To investigate the difference in cycling performance attributed to the increased interfacial resistance at the SE–cathode interface, the 0.5 C charge–discharge profiles were examined. Among the composites with 3 and 5 wt% CB, the cycle evaluation profiles appeared relatively similar (Figure 5a,b), whereas the composites fabricated with 7 wt% CB exhibited distinctive variations in the profile (Figure 5c). The composite with 7 wt% CB showed a distinguishably larger polarization at the initial point of discharge and exhibited larger overpotential during the cycling compared to those composites prepared with 3 or 5 wt% CB, as indicated by the long constant-voltage (CV) charge stage.
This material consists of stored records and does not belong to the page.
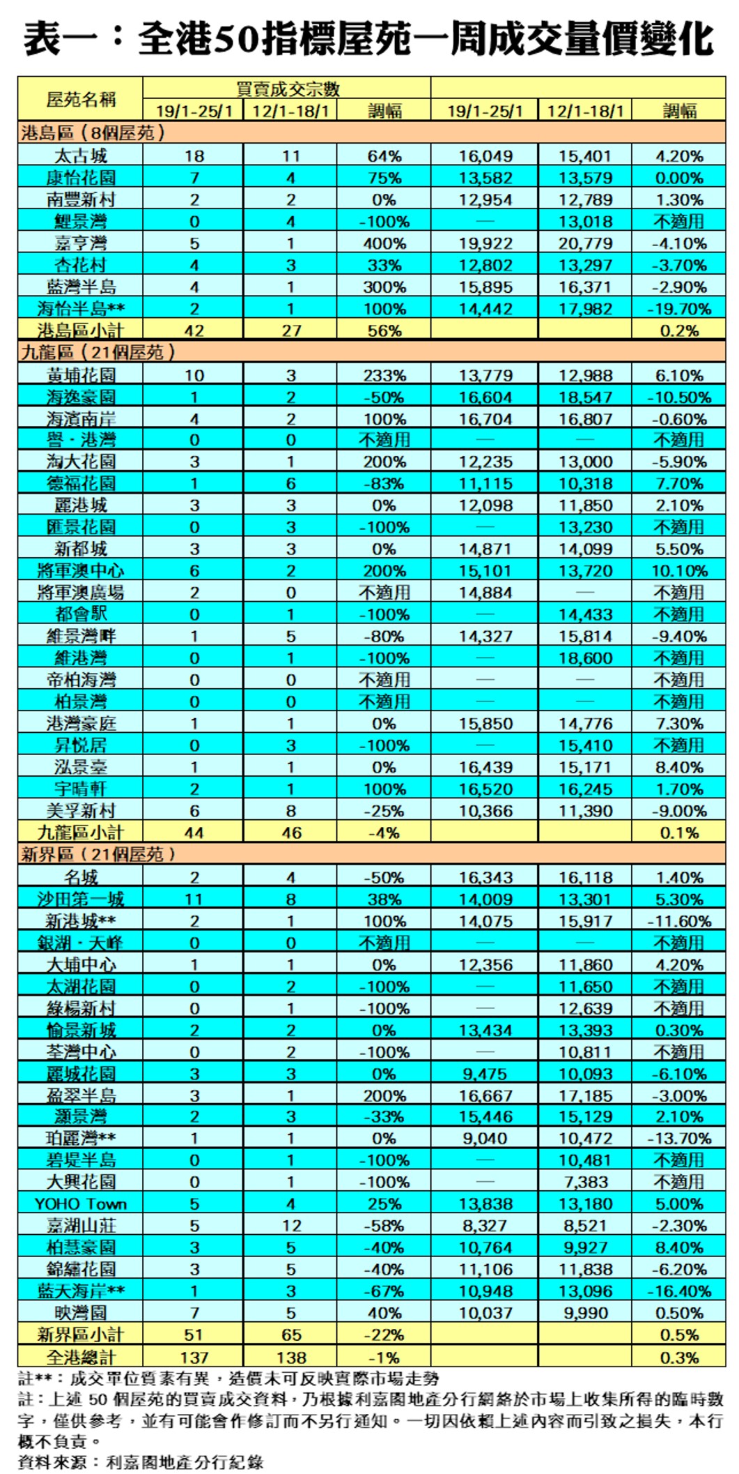 至於,港島區8個指標屋苑上周共錄42宗買賣,較前周的27宗增加56%,其中嘉亨灣交投量由前周的1宗,大增4倍至上周的5宗;藍灣半島及海怡半島各錄4宗及2宗成交,分別按周增加3倍及1倍;太古城康怡花園各錄18宗及7宗交投,分別按周增加64%及75%。此外,在全港50個指標屋苑之中,上周共有14個屋苑錄得「零成交」,較前周的5個增加1.8倍,當中九龍區及新界區分別佔7個及6個屋苑,港島區則佔1個(詳見表一)。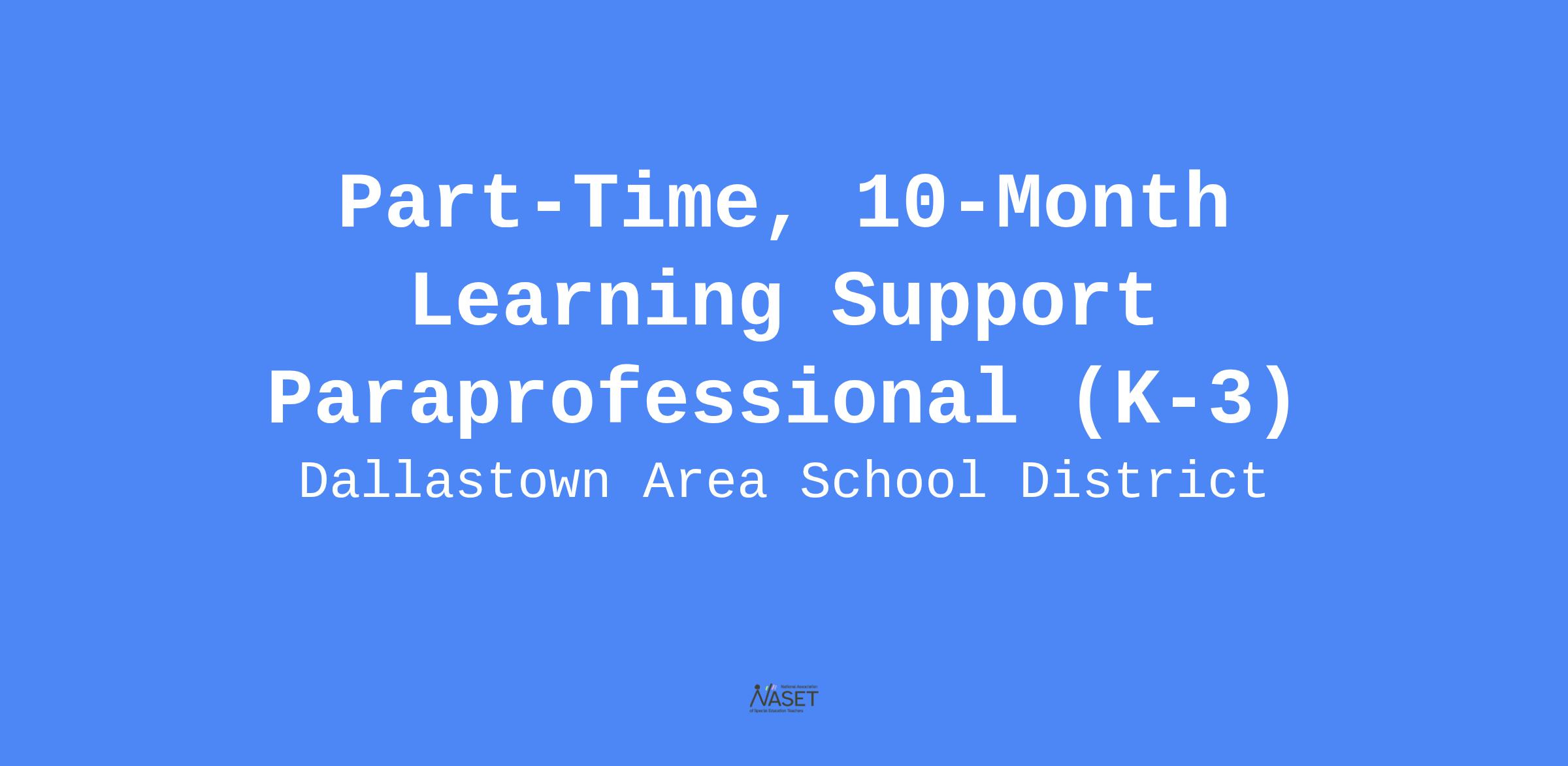 The Dallastown Area School District is seeking to fill a Part-Time, 10-Month Paraprofessional position in a Learning Support classroom at Dallastown Elementary School (Grades K-3)
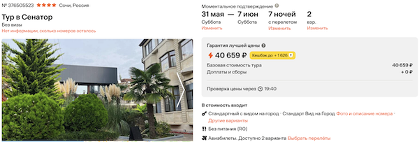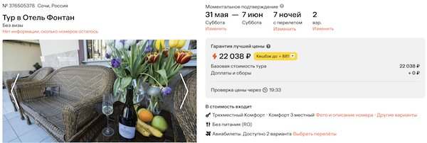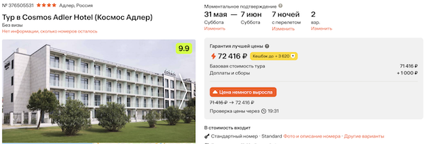 Стоимость в примерах указана за одного человека при условии поездки вдвоем, стоимость туров для одного человека можно посмотреть здесь или на страницах отелей.

This long CV stage is typically associated with large internal resistance, which can be attributed to electrical network or large ionic interfacial resistance [21,43]. This long CV state typically corresponds to a poor CE, as evidenced in Table S2, with 3 wt% CB, 5 wt% CB, and 7 wt% CB having average CEs of 95.95%, 96.15%, and 94.68%, respectively. Additionally, the IR drop exhibited at the point of discharge can also be a significant indicator of increased internal resistance in the charged state [44,45]. Since the 7 wt% CB cell had the most conductive additive present in the cathode composite, it is unlikely that this would have occurred due to a large electrical resistance, so it is more likely that this could be attributed to ionic resistance arising from the distribution of the CB and the degraded solid electrolyte. The increased interfacial resistance caused by the positioning of CB between the SE and cathode materials evidently accelerated cell degradation, particularly at the higher C-rate where ionic conductivity becomes a major limitation [46].

4. Conclusions

In conclusion, this study examined the distribution of a nano-sized conductive material, CB, within the ASSLB cathode composite and assessed the electrochemical performance by altering the CB ratio in the composite. Composites with 3, 5, and 7 wt% of CB were considered, along with 70%, 68%, and 66% of the cathode materials, respectively. In all cases, the total weight percentage of the conductive materials and cathode materials remained at 73%, with the remaining 27% was composed of solid electrolyte. The results of electrochemical analysis indicated that composites with 3% and 5% CB exhibited similar electrochemical performance. However, the composite containing 7% CB exhibited a noticeable decline in cycle stability over 50 cycles. Although the increase in CB content, in the case of the composite with 7 wt% CB, led to enhanced electrical conductivity in the composite, it also resulted in a higher quantity of CB situated between the SE and cathode active materials, thereby increasing the interfacial resistance at the SE–cathode interface (Figure 6 and Figure S4). As a result, significant overpotential and polarization were observed during the 50-cycle charge–discharge process. These findings suggest that an excessive amount of nano-sized CB conductive material can affect the interfacial resistance between the SE and cathode active material, ultimately leading to a decrease in electrical performance.